I have been wondering , is there any way to use SHAP’s DeepExplainer without Keras API.

Since, I built a custom auto-encoder architecture with TensorFlow, only types that I can provide are either the or .

In summary, I cannot provide the expected “model” type.

Is it too early to expect workarounds for alternative approaches? :))

Just getting to some page comments I found (late) here on WP. The short answer is yes, yes pass a pair of TF tensors, the first being the input and the second being the output. If you have more questions post a github issue.

Hi Scott,

I am a BME student in Case Western Reserve University, and I am trying to do a journal review on your latest work, “Explainable machine-learning predictions for the prevention of hypoxaemia during surgery,” in one of my health informatics class, but the access for the publication is still not allowed.

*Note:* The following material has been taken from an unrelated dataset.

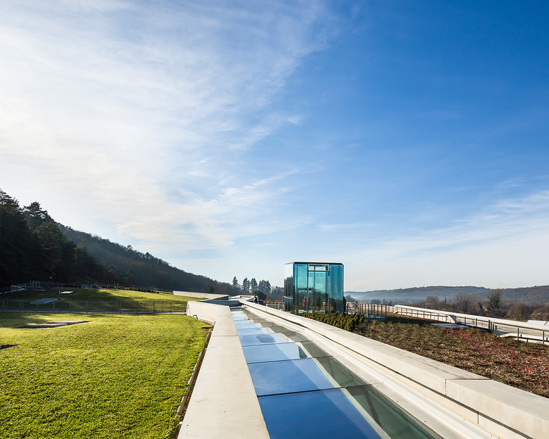 The visitor experience is carefully sequenced. Beginning in the lobby, visitors ascend by a lift to the belvedere out on the roof, where they can enjoy a magnificent panoramic view of Montignac and the Vézère Valley. They then descend a gentle slope towards the cave facsimile, which follows the incline of the roof towards the edge of the forest until reaching the entrance to the replica. The winding path through the landscape and gradual descent back down to grade facilitates a mental transition through time and space, creating an experience similar to that of the cave’s first discoverers in 1940.

I am wondering if I could gain access to the pdf file for this article. It would be greatly appreciated (and also on the behalf of my peers) if I could receive the published pdf version of this work from you! Thanks..

-Keewon

Hi Keewon! These page comments got buried somewhere, so I apologize for the slow reply. In case you still need it I posted a shareit link on my homepage that gives free access to the article.